_Task objective_
Transcribe the data in full and exactly, omitting any pictures.
Task material START
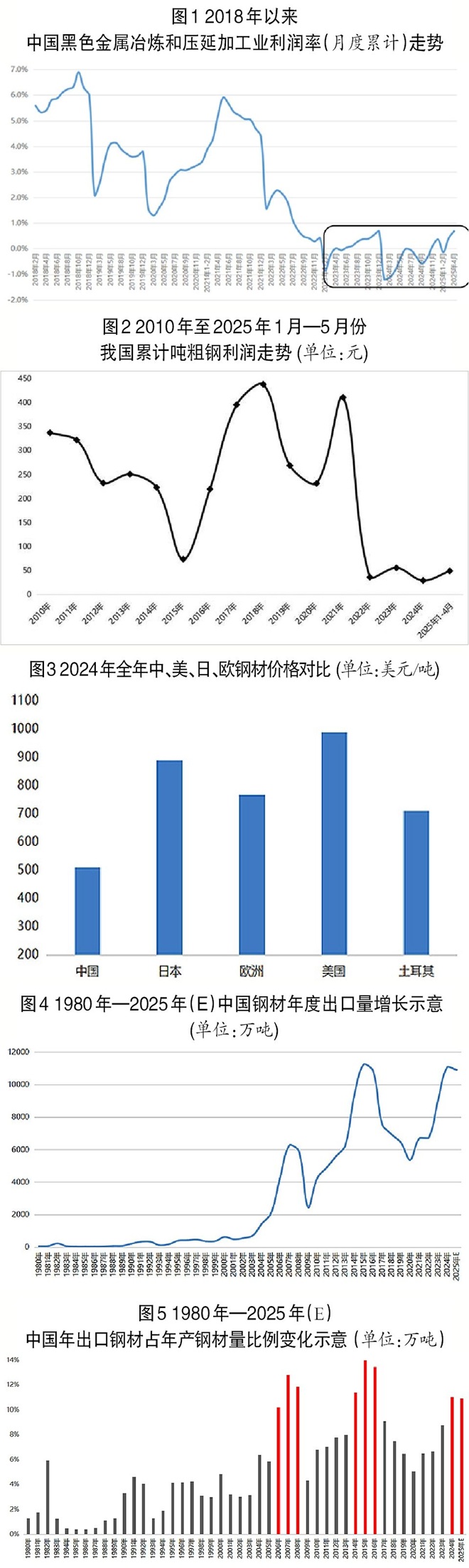 國家統(tǒng)計局?jǐn)?shù)據(jù)顯示,2025年1月—5月份的行業(yè)累計利潤率為1.0%,而這一水平已經(jīng)是自2022年7月以來的最好水平。隨著房地產(chǎn)行業(yè)對經(jīng)濟(jì)的拉動作用逐漸被新興產(chǎn)業(yè)所替代,我國鋼鐵行業(yè)整體利潤下滑嚴(yán)重。自2023年1月起,我國黑色金屬冶煉和壓延加工業(yè)整體利潤率始終圍繞著零基準(zhǔn)線上下浮動,累計利潤率由2018年的6.0%下降至2024年的0.4%。
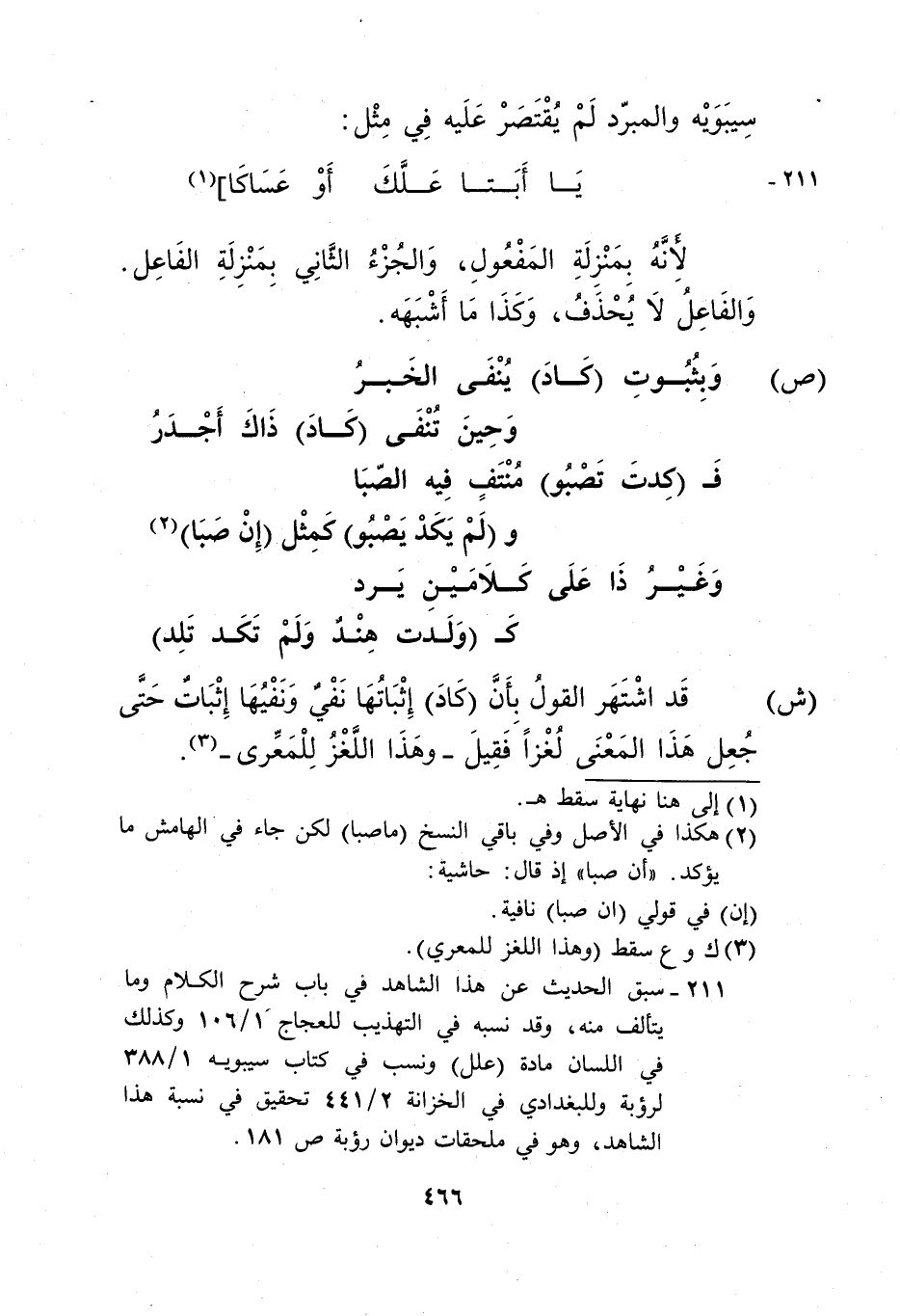 211- سبق الحديث عن هاذ الشاهد في باب شرح الكلام وما يتألف منه، وقد نسبه في التهذيب للعجاج1/ 106 وكذلك في اللسان مادة "علل"، ونسب في كتاب سيبويه 1/ 388 لرؤبة وللبغدادي في الخزانة 2/ 441 تحقيق في نسبة هذا الشاهد، وهو في ملحقات ديوان رؤبة ص 181.
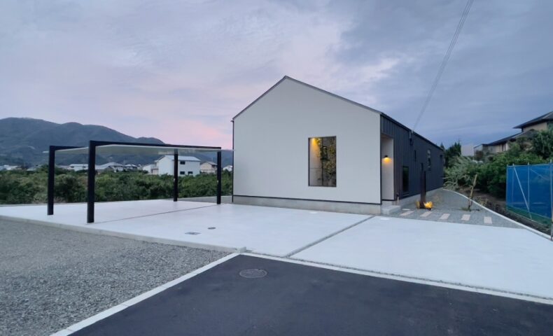 東西にゆったりと広がるミカン畑を望む敷地に建てられたこのお家は、光と景色、心の豊かさを大切にしたプランになっています。
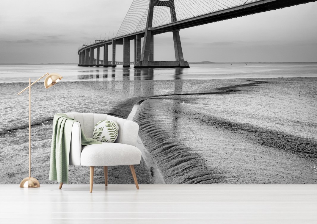 Fototapete Minimalistische seilbrücke in monochrom
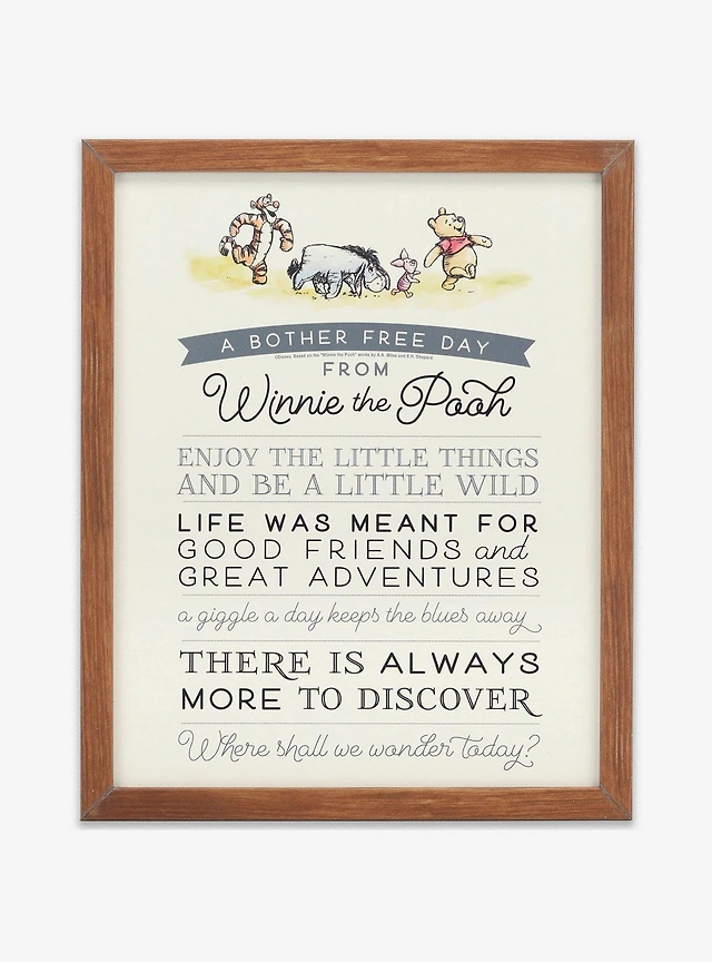 Disney Winnie The Pooh Bother Free Day Framed Wood Wall Decor
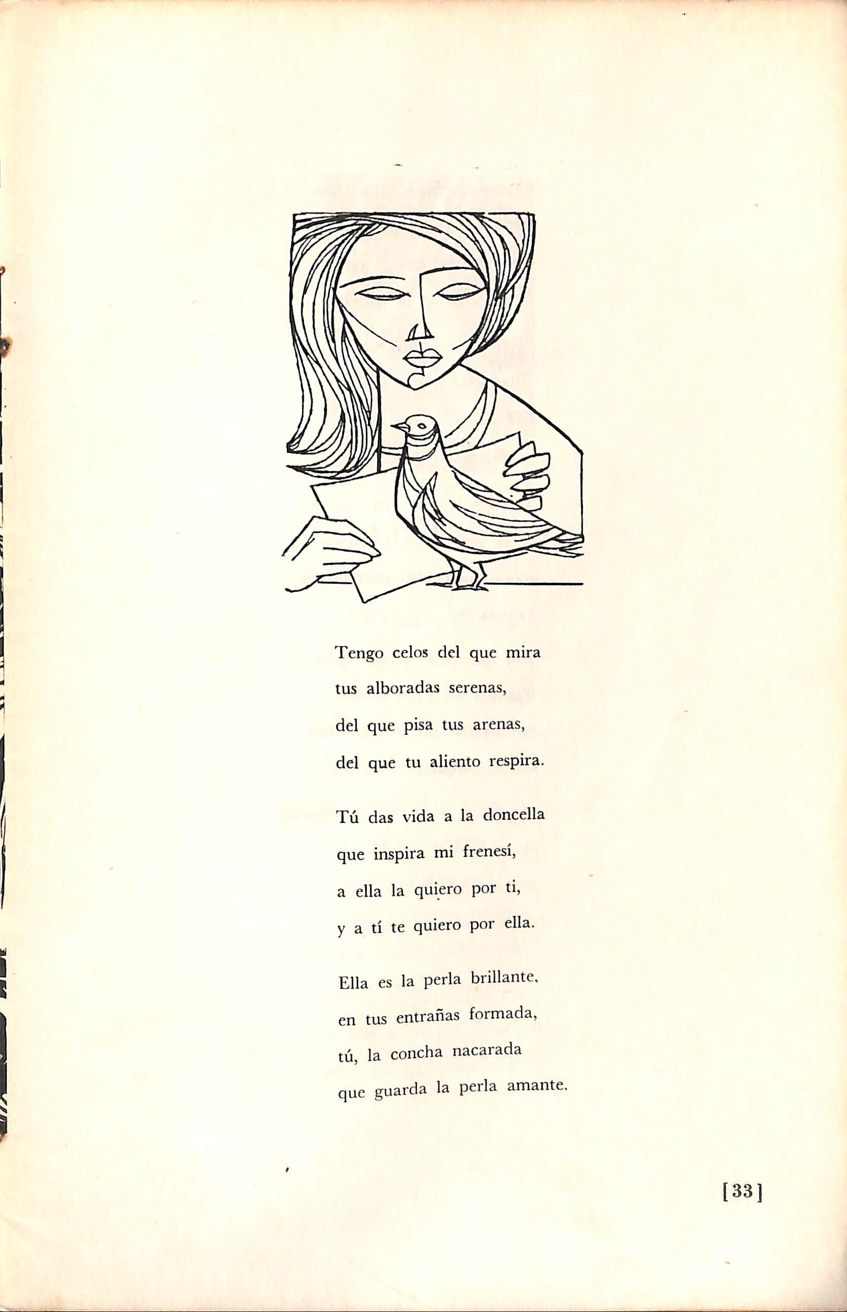 Ella es la perla brillante, en tus entrañas formada, tú, la concha nacarada que guarda la perla amante.
Task material END
_Answer to the exercise_
 國家統(tǒng)計局?jǐn)?shù)據(jù)顯示,2025年1月—5月份的行業(yè)累計利潤率為1.0%,而這一水平已經(jīng)是自2022年7月以來的最好水平。隨著房地產(chǎn)行業(yè)對經(jīng)濟(jì)的拉動作用逐漸被新興產(chǎn)業(yè)所替代,我國鋼鐵行業(yè)整體利潤下滑嚴(yán)重。自2023年1月起,我國黑色金屬冶煉和壓延加工業(yè)整體利潤率始終圍繞著零基準(zhǔn)線上下浮動,累計利潤率由2018年的6.0%下降至2024年的0.4%。
 211- سبق الحديث عن هاذ الشاهد في باب شرح الكلام وما يتألف منه، وقد نسبه في التهذيب للعجاج1/ 106 وكذلك في اللسان مادة "علل"، ونسب في كتاب سيبويه 1/ 388 لرؤبة وللبغدادي في الخزانة 2/ 441 تحقيق في نسبة هذا الشاهد، وهو في ملحقات ديوان رؤبة ص 181.
 東西にゆったりと広がるミカン畑を望む敷地に建てられたこのお家は、光と景色、心の豊かさを大切にしたプランになっています。
 Fototapete Minimalistische seilbrücke in monochrom
 Disney Winnie The Pooh Bother Free Day Framed Wood Wall Decor
 Ella es la perla brillante, en tus entrañas formada, tú, la concha nacarada que guarda la perla amante.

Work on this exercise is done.